◆ EXERCISE DESCRIPTION ◆
Your answer must be only the lines below from the one containing "电池板块活跃,贝特瑞涨超19" through the one containing "カシオ F-91WS キッズ", copied exactly, with the pictures left out.

◆ RECORDS TO USE ◆
====================
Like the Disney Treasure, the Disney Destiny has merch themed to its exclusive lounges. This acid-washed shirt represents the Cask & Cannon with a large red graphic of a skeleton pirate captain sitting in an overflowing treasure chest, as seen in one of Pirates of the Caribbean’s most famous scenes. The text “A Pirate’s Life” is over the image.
====================
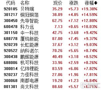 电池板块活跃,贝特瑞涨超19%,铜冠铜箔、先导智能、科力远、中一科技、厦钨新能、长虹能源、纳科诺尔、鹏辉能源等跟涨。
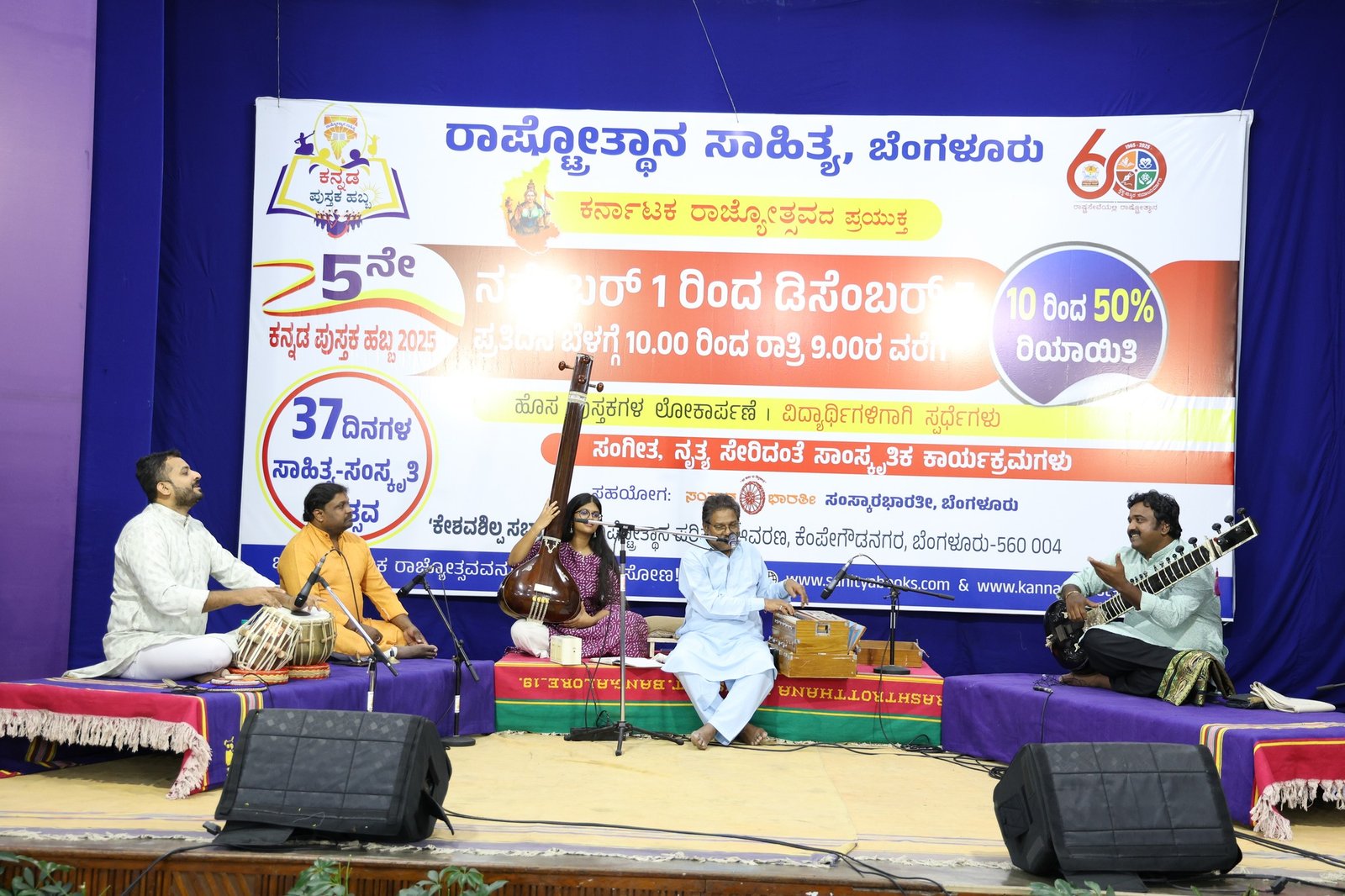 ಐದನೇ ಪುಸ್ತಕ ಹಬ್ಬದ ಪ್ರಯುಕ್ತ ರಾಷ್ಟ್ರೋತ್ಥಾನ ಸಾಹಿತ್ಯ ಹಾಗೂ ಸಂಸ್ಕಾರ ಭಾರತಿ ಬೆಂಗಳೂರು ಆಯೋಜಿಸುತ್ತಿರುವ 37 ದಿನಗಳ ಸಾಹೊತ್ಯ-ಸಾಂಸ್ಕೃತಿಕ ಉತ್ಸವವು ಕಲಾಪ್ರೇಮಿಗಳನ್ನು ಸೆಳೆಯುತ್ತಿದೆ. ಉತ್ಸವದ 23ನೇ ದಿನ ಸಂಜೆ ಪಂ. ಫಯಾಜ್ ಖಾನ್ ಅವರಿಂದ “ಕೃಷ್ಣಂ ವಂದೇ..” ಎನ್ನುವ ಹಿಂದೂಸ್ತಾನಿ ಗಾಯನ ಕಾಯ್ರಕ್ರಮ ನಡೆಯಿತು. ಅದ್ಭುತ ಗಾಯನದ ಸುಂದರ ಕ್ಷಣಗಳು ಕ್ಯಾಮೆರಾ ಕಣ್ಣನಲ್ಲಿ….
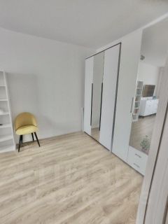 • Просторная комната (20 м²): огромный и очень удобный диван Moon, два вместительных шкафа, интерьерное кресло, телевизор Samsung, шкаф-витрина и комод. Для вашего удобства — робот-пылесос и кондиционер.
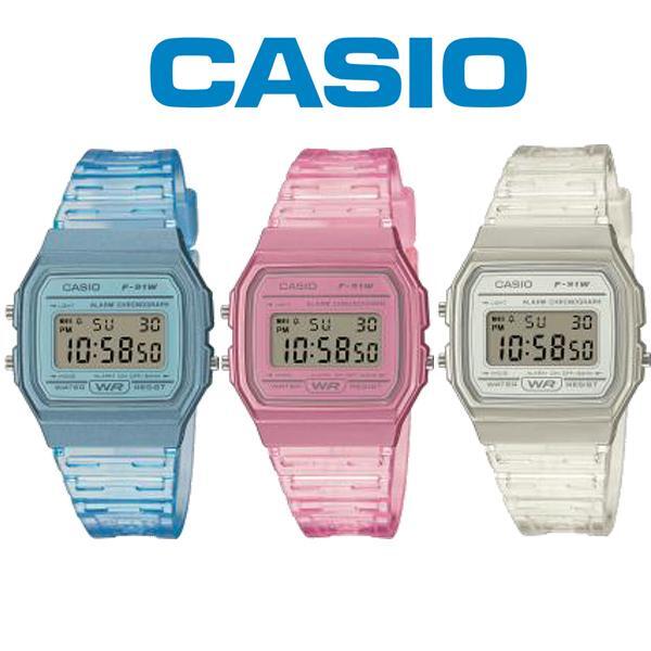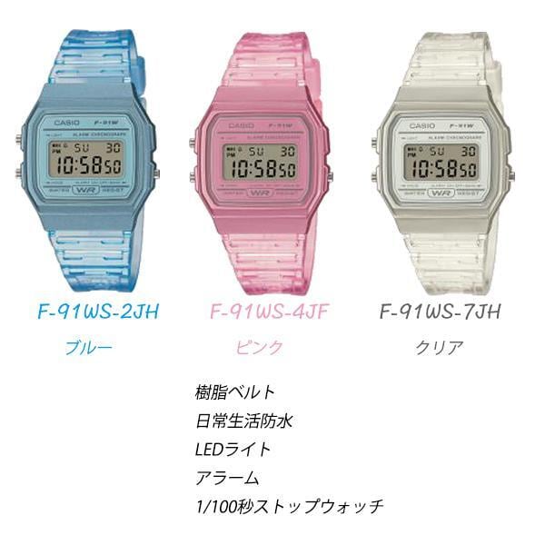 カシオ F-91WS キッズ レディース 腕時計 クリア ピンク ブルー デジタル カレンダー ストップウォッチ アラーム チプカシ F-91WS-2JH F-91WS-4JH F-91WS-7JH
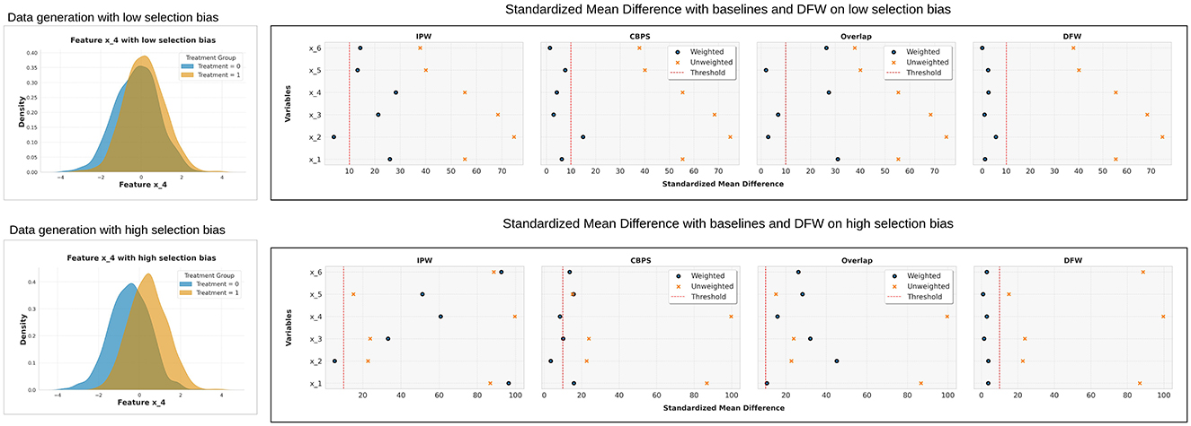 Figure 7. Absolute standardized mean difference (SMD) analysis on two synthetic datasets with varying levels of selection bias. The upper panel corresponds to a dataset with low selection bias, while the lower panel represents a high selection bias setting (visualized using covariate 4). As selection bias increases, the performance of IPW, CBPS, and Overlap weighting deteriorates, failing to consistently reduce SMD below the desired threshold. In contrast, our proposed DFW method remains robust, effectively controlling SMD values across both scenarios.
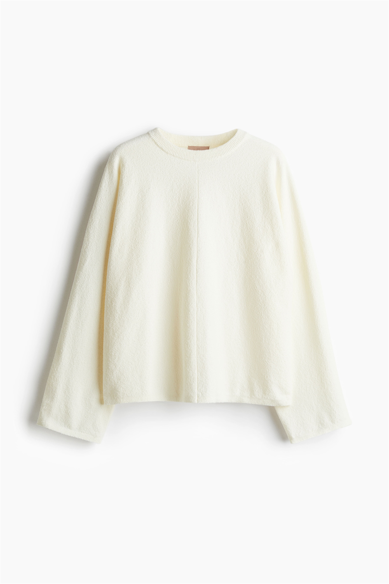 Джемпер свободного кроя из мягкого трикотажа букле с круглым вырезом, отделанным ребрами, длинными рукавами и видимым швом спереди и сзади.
====================
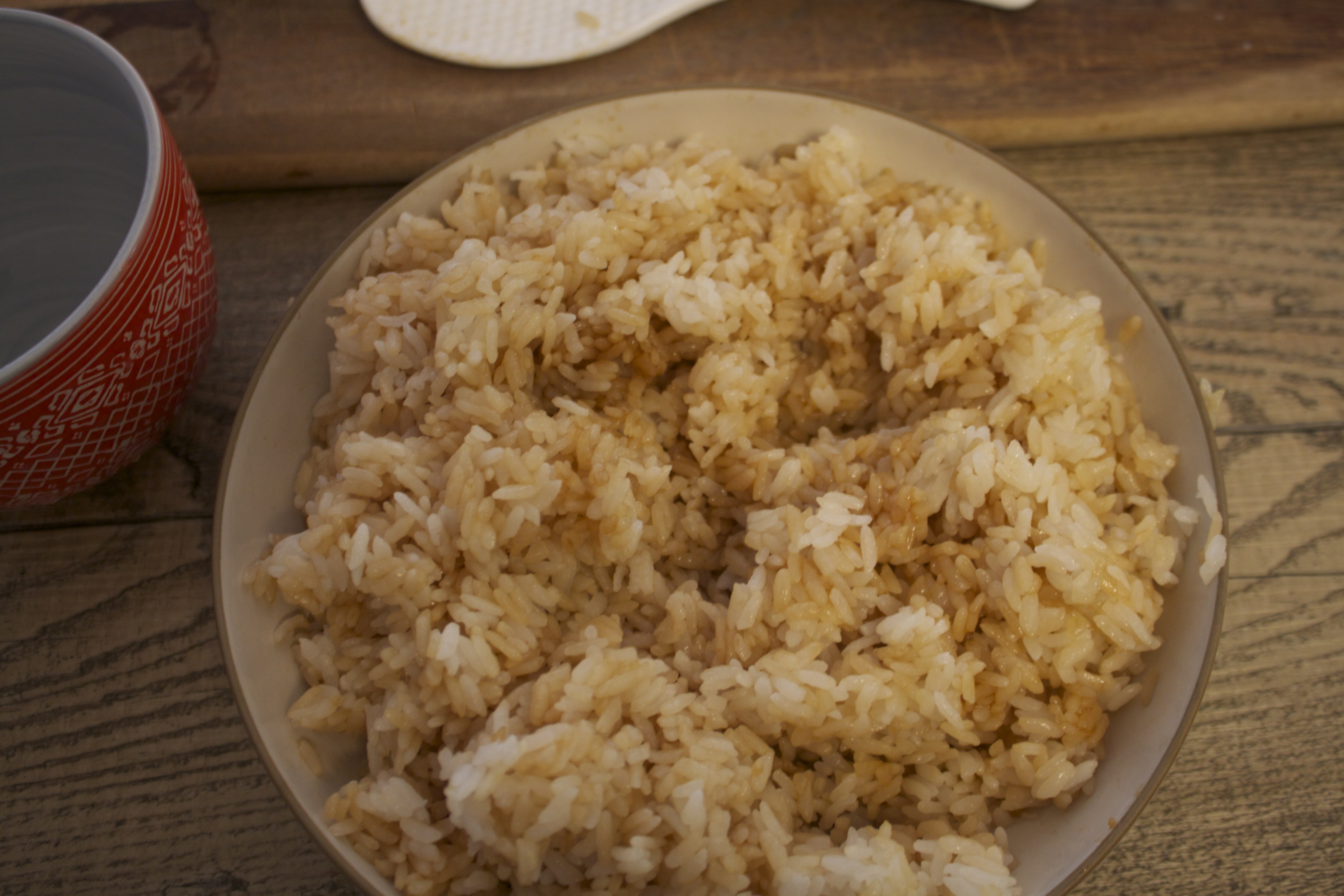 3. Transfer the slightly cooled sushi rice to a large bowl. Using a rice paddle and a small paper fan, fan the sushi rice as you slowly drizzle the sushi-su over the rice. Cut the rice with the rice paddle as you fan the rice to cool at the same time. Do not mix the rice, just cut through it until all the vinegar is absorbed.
====================
◆ WRITTEN RESPONSE ◆
 电池板块活跃,贝特瑞涨超19%,铜冠铜箔、先导智能、科力远、中一科技、厦钨新能、长虹能源、纳科诺尔、鹏辉能源等跟涨。
 ಐದನೇ ಪುಸ್ತಕ ಹಬ್ಬದ ಪ್ರಯುಕ್ತ ರಾಷ್ಟ್ರೋತ್ಥಾನ ಸಾಹಿತ್ಯ ಹಾಗೂ ಸಂಸ್ಕಾರ ಭಾರತಿ ಬೆಂಗಳೂರು ಆಯೋಜಿಸುತ್ತಿರುವ 37 ದಿನಗಳ ಸಾಹೊತ್ಯ-ಸಾಂಸ್ಕೃತಿಕ ಉತ್ಸವವು ಕಲಾಪ್ರೇಮಿಗಳನ್ನು ಸೆಳೆಯುತ್ತಿದೆ. ಉತ್ಸವದ 23ನೇ ದಿನ ಸಂಜೆ ಪಂ. ಫಯಾಜ್ ಖಾನ್ ಅವರಿಂದ “ಕೃಷ್ಣಂ ವಂದೇ..” ಎನ್ನುವ ಹಿಂದೂಸ್ತಾನಿ ಗಾಯನ ಕಾಯ್ರಕ್ರಮ ನಡೆಯಿತು. ಅದ್ಭುತ ಗಾಯನದ ಸುಂದರ ಕ್ಷಣಗಳು ಕ್ಯಾಮೆರಾ ಕಣ್ಣನಲ್ಲಿ….
 • Просторная комната (20 м²): огромный и очень удобный диван Moon, два вместительных шкафа, интерьерное кресло, телевизор Samsung, шкаф-витрина и комод. Для вашего удобства — робот-пылесос и кондиционер.
 カシオ F-91WS キッズ レディース 腕時計 クリア ピンク ブルー デジタル カレンダー ストップウォッチ アラーム チプカシ F-91WS-2JH F-91WS-4JH F-91WS-7JH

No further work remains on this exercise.